== Input data ==
======

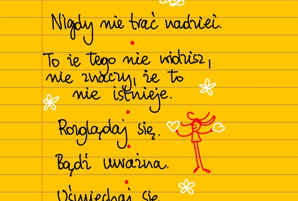 Żółte kartki Nigdy nie trać nadziei piątek, 09.06.2023 Nigdy nie trać nadziei. To że tego nie widzisz, nie oznacza, że to nie istnieje. Rozglądaj się. Bądź uważna. Uśmiechaj się ❤ #żółtakartka Udostępnij na Facebooku
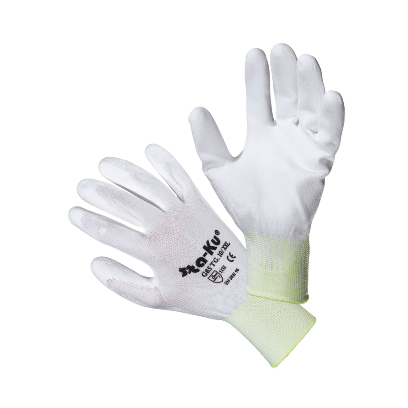 Polyurethane coated nylon work gloves. High performance, white. With ventilated back and elastic knit wrist. Excellent mechanical resistance to abrasion and tearing. Recommended for precision work.
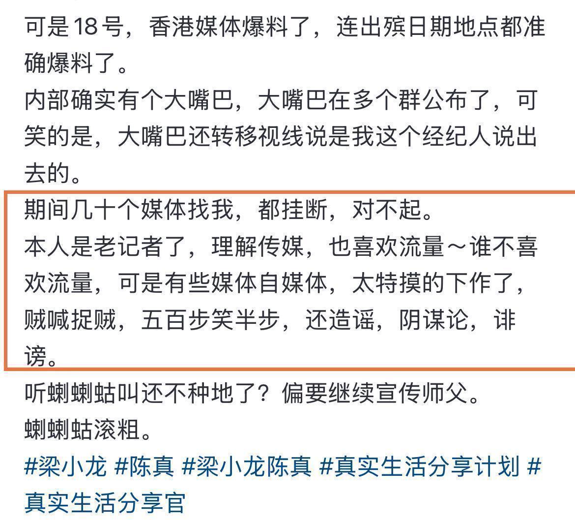 没过多久,管理梁小龙视频账号的“徒弟”就发了一条微博,说本来想低调点,所以弟子们一直都在不断分享视频。紧接着,经纪人又出来说,这个消息之所以被曝光,是因为有内部熟悉情况的人在群聊里泄露的。
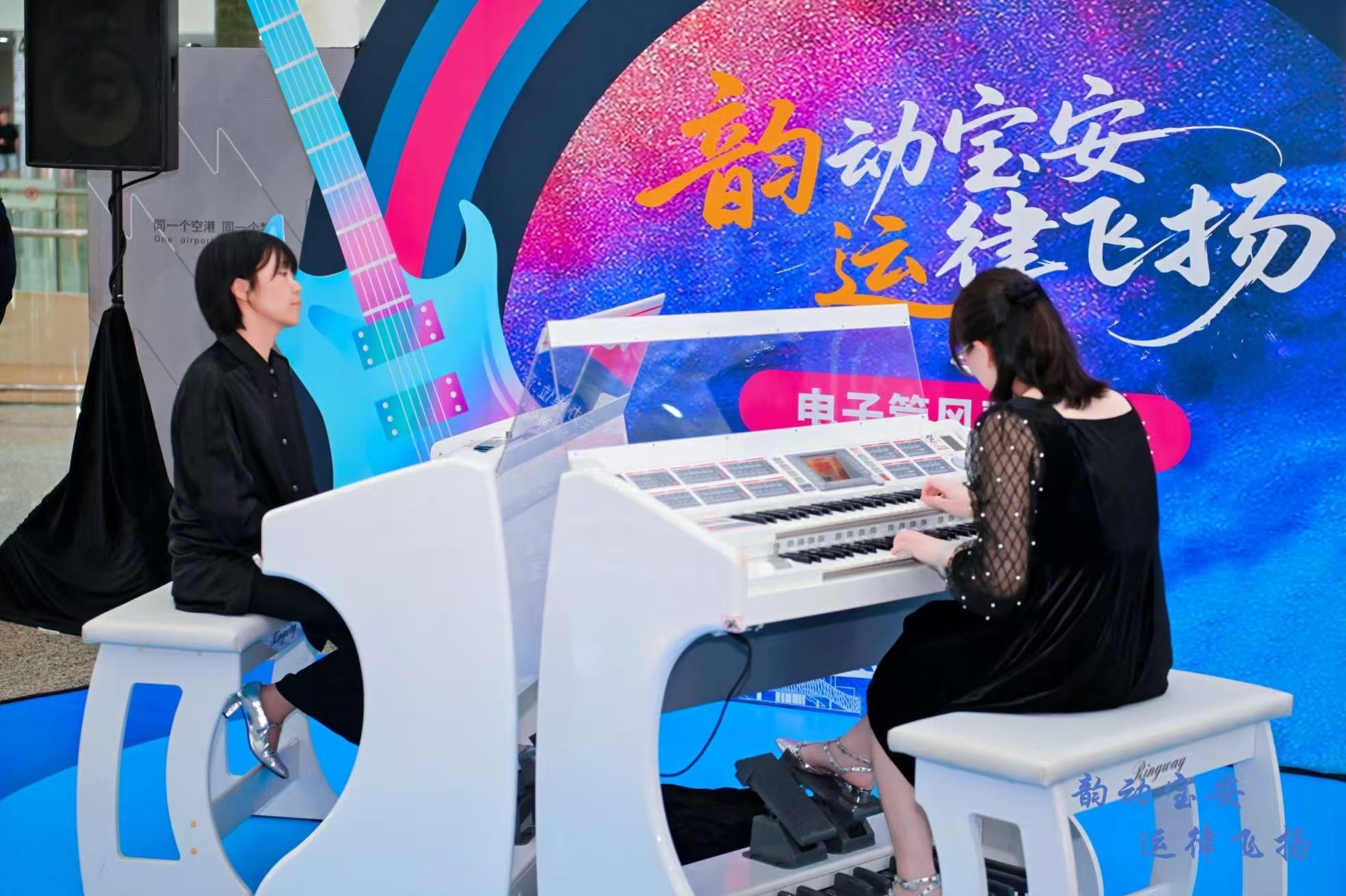 11月1日下午,深圳國際機場2樓地面交通中心化身藝術殿堂,伴隨着電子管風琴激昂的旋律,由深圳市寶安區文化廣電旅遊體育局主辦的“韻動寶安 運律飛揚”十五屆運動會主題演出第三場活動在此精彩上演。這場由中國青年電子管風琴演奏家巫丹霞、馮玉敏聯袂出演,讓匆忙的機場空間瞬間充滿了藝術的魅力。

======

== Your task ==
An unchanged copy of the listing, with no pictures, should be returned.

== Solution to this task ==
 Żółte kartki Nigdy nie trać nadziei piątek, 09.06.2023 Nigdy nie trać nadziei. To że tego nie widzisz, nie oznacza, że to nie istnieje. Rozglądaj się. Bądź uważna. Uśmiechaj się ❤ #żółtakartka Udostępnij na Facebooku
 Polyurethane coated nylon work gloves. High performance, white. With ventilated back and elastic knit wrist. Excellent mechanical resistance to abrasion and tearing. Recommended for precision work.
 没过多久,管理梁小龙视频账号的“徒弟”就发了一条微博,说本来想低调点,所以弟子们一直都在不断分享视频。紧接着,经纪人又出来说,这个消息之所以被曝光,是因为有内部熟悉情况的人在群聊里泄露的。
 11月1日下午,深圳國際機場2樓地面交通中心化身藝術殿堂,伴隨着電子管風琴激昂的旋律,由深圳市寶安區文化廣電旅遊體育局主辦的“韻動寶安 運律飛揚”十五屆運動會主題演出第三場活動在此精彩上演。這場由中國青年電子管風琴演奏家巫丹霞、馮玉敏聯袂出演,讓匆忙的機場空間瞬間充滿了藝術的魅力。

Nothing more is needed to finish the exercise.